**Your objective**
Nothing is needed except the lines below that run from the one with "Батончик фруктово-злаковый ФРУТОНЯНЯ" through the one with "符合有关CE标记的EMC指令及产品安全的认证代理人为:Juki Automation Systems", repeated exactly.

**Material provided**
++++++

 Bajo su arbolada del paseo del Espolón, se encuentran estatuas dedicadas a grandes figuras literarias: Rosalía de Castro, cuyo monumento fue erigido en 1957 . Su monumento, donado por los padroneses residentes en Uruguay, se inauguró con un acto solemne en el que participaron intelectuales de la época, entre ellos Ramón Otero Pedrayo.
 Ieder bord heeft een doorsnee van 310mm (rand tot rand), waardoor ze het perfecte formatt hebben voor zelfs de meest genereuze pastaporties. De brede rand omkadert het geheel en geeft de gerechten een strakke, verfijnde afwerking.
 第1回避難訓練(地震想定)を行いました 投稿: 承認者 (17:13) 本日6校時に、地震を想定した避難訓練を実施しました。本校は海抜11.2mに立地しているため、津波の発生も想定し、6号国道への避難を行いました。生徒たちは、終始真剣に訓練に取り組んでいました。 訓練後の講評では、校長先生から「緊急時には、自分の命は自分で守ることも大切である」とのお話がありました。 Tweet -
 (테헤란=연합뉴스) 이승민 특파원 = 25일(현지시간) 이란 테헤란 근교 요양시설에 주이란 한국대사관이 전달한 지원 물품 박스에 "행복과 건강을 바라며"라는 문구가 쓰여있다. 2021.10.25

++++++

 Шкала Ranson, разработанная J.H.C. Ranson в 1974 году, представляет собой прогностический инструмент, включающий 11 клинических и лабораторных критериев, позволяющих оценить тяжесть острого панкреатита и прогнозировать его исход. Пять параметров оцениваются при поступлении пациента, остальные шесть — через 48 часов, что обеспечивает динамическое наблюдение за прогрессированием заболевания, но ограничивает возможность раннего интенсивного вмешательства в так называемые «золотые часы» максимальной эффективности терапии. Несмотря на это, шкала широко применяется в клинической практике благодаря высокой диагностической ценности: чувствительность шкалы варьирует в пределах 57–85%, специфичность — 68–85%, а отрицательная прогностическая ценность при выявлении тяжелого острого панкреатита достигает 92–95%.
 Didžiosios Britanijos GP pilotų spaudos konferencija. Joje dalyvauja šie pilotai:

++++++

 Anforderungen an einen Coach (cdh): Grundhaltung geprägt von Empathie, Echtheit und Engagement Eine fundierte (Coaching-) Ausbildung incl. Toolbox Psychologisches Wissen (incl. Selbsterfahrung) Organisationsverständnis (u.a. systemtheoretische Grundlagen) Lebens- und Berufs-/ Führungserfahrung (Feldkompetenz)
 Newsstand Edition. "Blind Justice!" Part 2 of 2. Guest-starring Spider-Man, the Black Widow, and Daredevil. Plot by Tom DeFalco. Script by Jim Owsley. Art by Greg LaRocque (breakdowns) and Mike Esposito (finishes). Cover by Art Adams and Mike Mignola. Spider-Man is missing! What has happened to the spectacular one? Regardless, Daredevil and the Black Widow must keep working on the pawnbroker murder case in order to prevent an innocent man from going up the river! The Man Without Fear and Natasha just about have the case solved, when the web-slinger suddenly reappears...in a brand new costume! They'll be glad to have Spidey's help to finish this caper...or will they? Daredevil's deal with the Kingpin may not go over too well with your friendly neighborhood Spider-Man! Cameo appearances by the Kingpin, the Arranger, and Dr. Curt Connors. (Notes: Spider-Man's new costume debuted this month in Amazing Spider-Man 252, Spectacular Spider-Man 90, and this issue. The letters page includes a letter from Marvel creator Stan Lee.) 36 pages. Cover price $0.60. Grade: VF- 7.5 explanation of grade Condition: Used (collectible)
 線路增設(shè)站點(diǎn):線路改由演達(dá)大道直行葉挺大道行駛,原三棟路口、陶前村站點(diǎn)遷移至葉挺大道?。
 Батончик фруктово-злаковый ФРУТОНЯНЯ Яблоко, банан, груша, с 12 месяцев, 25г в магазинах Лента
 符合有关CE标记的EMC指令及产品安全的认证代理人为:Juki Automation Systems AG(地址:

++++++

**Exercise result**
 Батончик фруктово-злаковый ФРУТОНЯНЯ Яблоко, банан, груша, с 12 месяцев, 25г в магазинах Лента
 符合有关CE标记的EMC指令及产品安全的认证代理人为:Juki Automation Systems AG(地址:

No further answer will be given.